= DIRECTIONS FOR THIS TASK =
Repeat verbatim, and only, the lines of the data below, beginning at the line that contains "High resolution picture, free" and stopping after the line that contains "편차의 평균을 내면 양수".

= STORED DATA =

□ □ □ □

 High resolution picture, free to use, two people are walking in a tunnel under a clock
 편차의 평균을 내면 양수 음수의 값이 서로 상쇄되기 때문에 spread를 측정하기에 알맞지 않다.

□ □ □ □

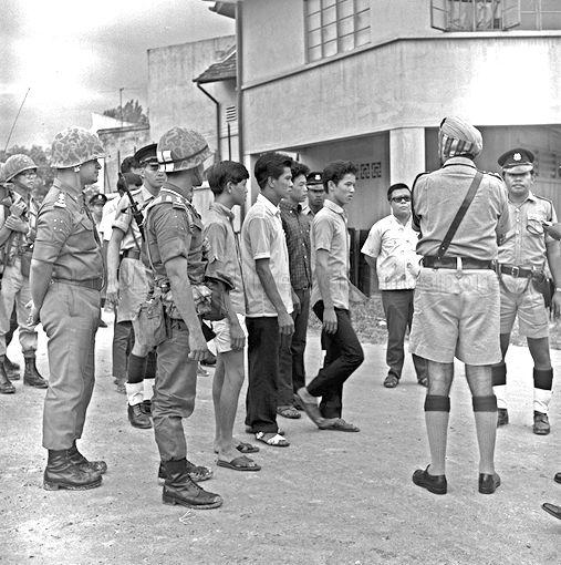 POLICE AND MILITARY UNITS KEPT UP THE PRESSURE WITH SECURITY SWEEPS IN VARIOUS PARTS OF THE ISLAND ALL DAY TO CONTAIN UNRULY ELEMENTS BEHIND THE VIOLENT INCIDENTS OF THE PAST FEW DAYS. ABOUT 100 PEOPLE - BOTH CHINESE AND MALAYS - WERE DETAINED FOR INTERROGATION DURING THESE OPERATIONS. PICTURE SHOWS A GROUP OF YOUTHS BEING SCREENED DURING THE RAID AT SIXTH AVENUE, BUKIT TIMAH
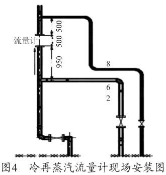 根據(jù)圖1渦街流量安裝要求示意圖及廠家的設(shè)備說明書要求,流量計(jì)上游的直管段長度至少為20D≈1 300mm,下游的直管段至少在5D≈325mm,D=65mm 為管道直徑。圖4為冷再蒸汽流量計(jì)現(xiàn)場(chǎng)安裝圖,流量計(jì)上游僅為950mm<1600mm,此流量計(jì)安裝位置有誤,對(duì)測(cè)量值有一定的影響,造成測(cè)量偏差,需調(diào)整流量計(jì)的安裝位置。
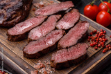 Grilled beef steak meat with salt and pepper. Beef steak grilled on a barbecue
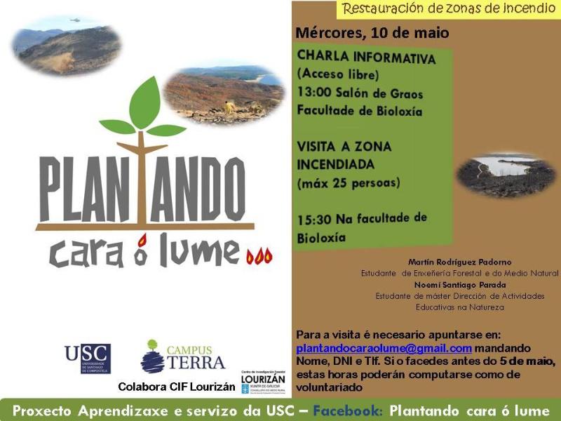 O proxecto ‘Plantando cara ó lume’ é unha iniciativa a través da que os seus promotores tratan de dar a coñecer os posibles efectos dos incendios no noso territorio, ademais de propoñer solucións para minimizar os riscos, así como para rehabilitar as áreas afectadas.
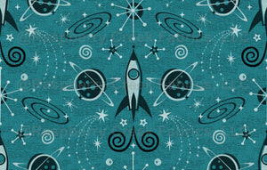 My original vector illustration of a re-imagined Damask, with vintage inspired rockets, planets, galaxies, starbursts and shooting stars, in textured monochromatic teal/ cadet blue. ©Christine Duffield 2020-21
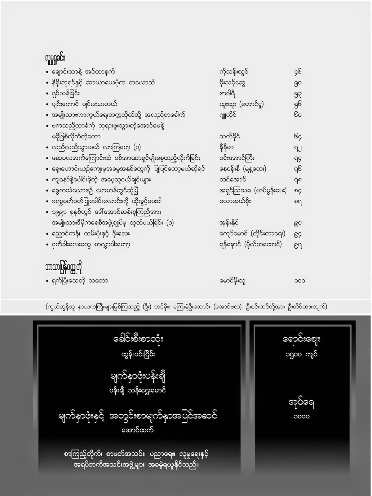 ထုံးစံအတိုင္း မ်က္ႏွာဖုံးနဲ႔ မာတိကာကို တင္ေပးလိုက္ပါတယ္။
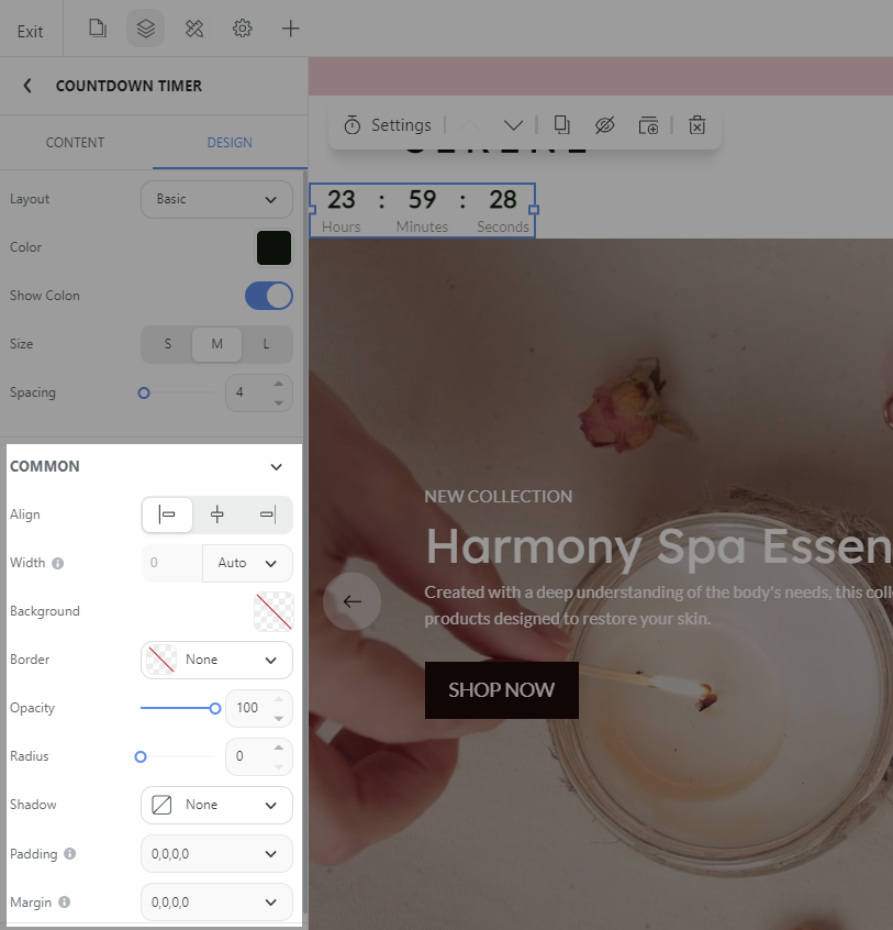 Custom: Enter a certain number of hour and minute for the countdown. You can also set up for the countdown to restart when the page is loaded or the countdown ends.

□ □ □ □

= ANSWER TO THE PROBLEM =
 High resolution picture, free to use, two people are walking in a tunnel under a clock
 편차의 평균을 내면 양수 음수의 값이 서로 상쇄되기 때문에 spread를 측정하기에 알맞지 않다.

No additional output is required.